Professor Masud Husain
Masud read Physiological Sciences / Medicine (1981-84) at Oxford before completing his PhD here in 1987. He held a Harkness Fellowship and was a postdoctoral fellow at MIT, prior to returning to Oxford to finish his clinical degree. After Neurology training in London, he held a joint appointment as Consultant Neurologist and Wellcome Trust Senior Fellow (2000-12).
In 2013, he was awarded a Principal Fellowship by The Wellcome Trust and moved to Oxford where he is a Professorial Fellow at New College. Previously he was Professor of Clinical Neurology at UCL & The National Hospital for Neurology & Neurosurgery, London and Deputy Director of the UCL Institute of Cognitive Neuroscience.
- Graham Bull Prize in Clinical Science, Royal College of Physicians London
- Elizabeth Warrington Prize, British Neuropsychological Society.
- Fellow of Academy of Medical Sciences
- Fellow of American Academy of Neurology
- Fellow of European Academy of Neurology
MA DPhil BMBCh FRCP FMedSci FAAN FEAN
PROFESSOR OF NEUROLOGY & COGNITIVE NEUROSCIENCE
- Wellcome Trust Principal Fellow
- Professorial Fellow, New College, Oxford
- Lead, Neurological Conditions theme, Oxford Biomedical Research Centre
My research focuses on
- disorders of memory
- impulsivity and apathy
Why are people inattentive or forget things quickly? Why do some people act impulsively while others just can't be bothered?
All these problems occur to some extent in healthy people. But they can be profoundly disabling in patients with neurological conditions - from stroke, through neurodegenerative conditions such as Parkinson's or Alzheimer's disease to developmental disorders such as ADHD.
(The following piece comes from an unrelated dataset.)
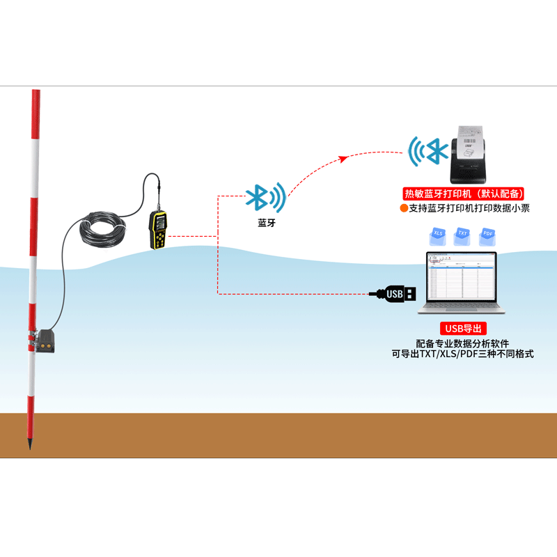 整套设备由手持式速测记录仪主机、RS485多普勒流速仪从机、手提箱、探测杆、蓝牙打印机组成。采用485通讯“一问一答”的组网方式,集数据观测、记录、分析为一体。
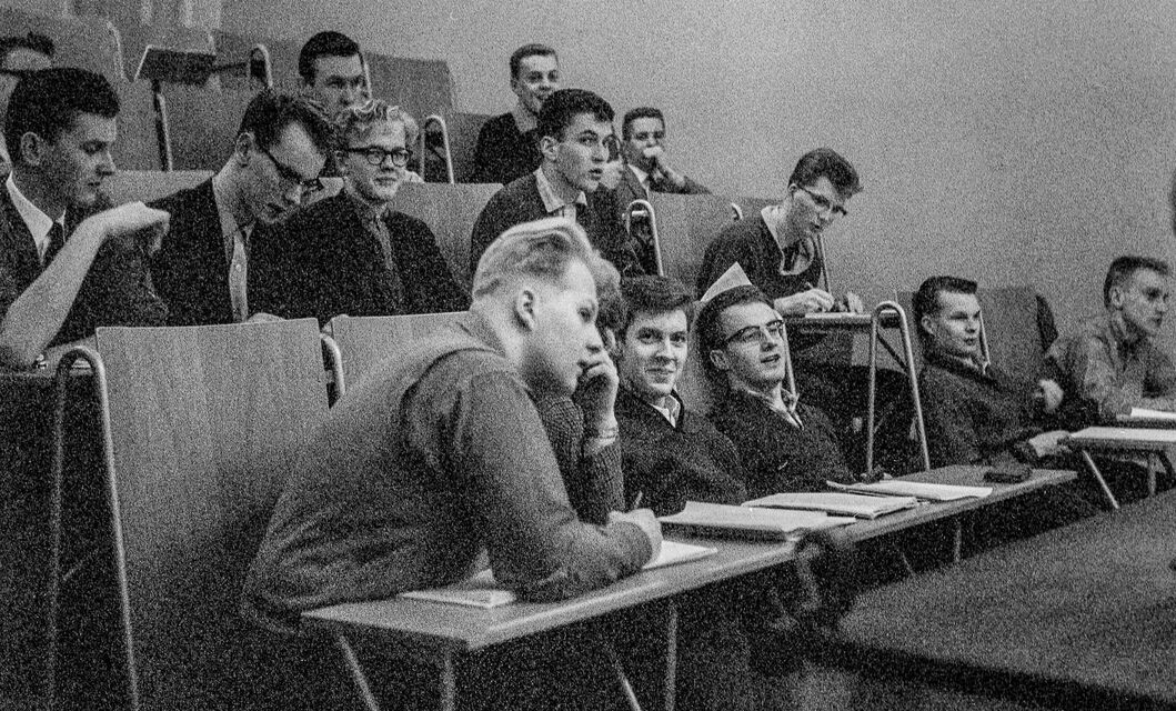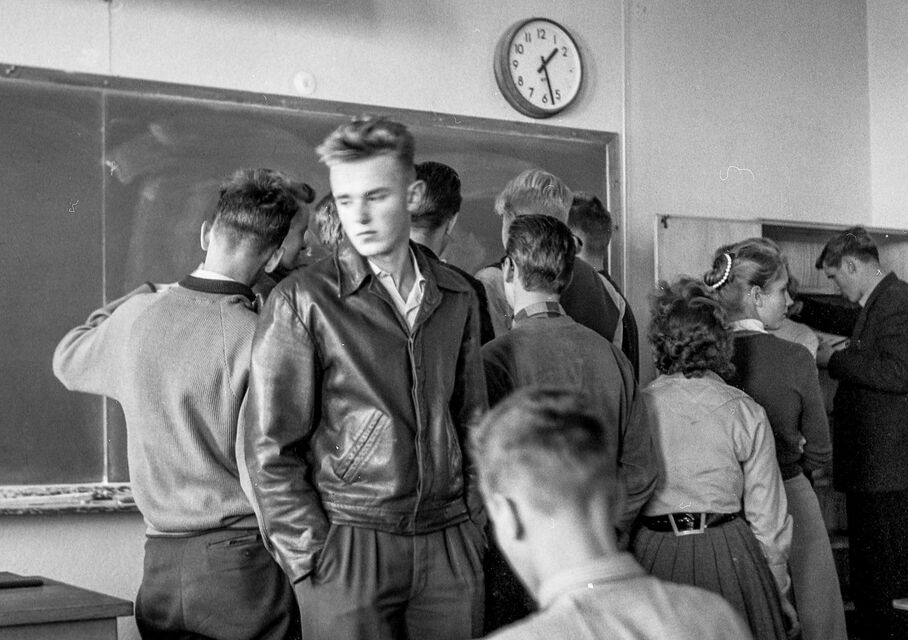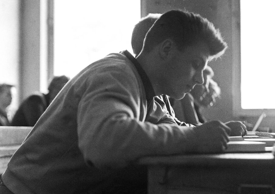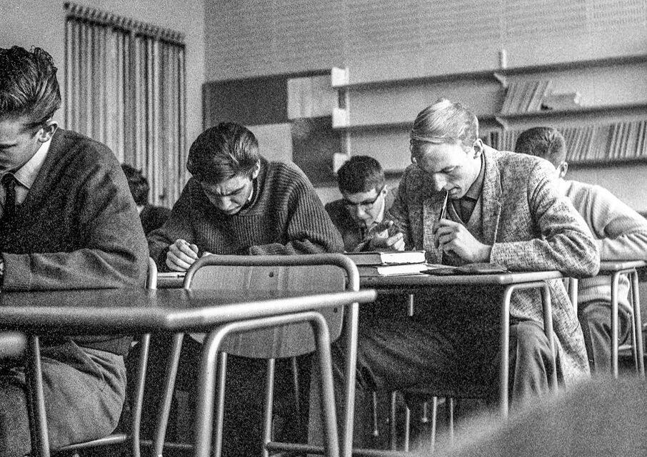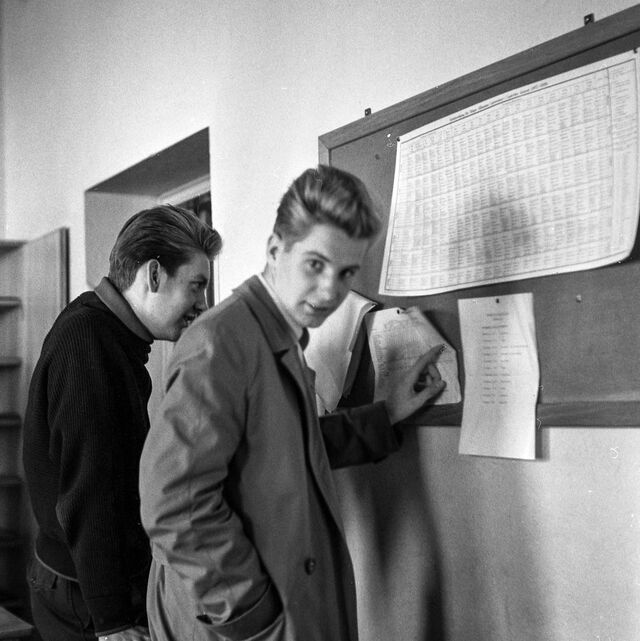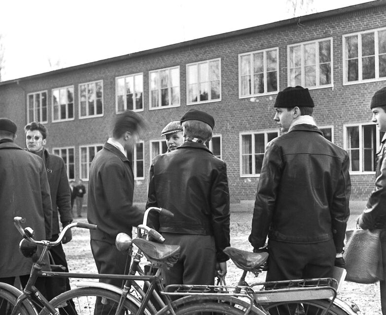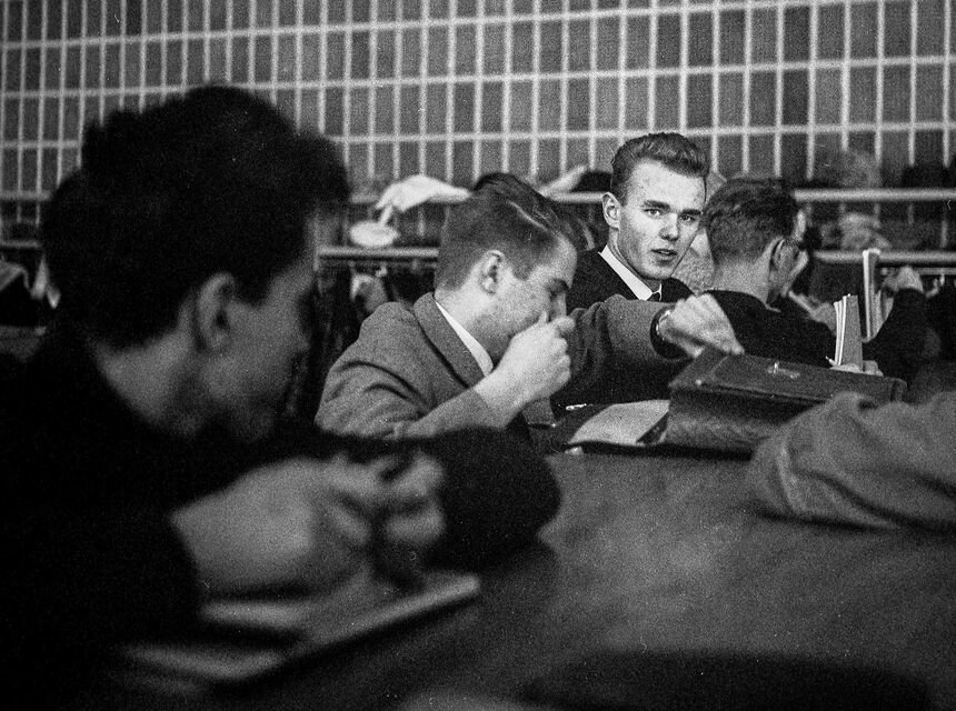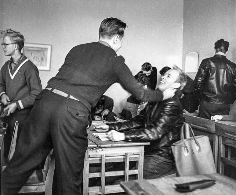 Bilder tagna i skolan under gymnasietiden 1957-1959, Ludvika. Också här är det helt autentiska bilder utan några som helst förberedelser. Bilderna är både från lektioner, från raster, från kapphallen och ja, från skolans värld helt enkelt. Bilderna i den här serien är tagna med min japanska "Rolleiflex", Yashica-Mat, alltså format 6x6.

Currently, there are very limited treatments. Understanding underlying mechanisms is therefore crucial.
We've developed techniques to examine attention, short-term or working memory and decision-making in healthy people and patients with neurological disorders.
We've begun to understand some of the brain mechanisms that are disrupted when people don't pay attention, or forget information rapidly, when they make impulsive decisions or just can't be motivated to act. Some of our research has led to novel treatments.
Our research on fundamental mechanisms underlying attention, working memory and motivated decision-making in healthy people is conducted in our labs at the Dept of Experimental Psychology and the West Wing, John Radcliffe Hospital.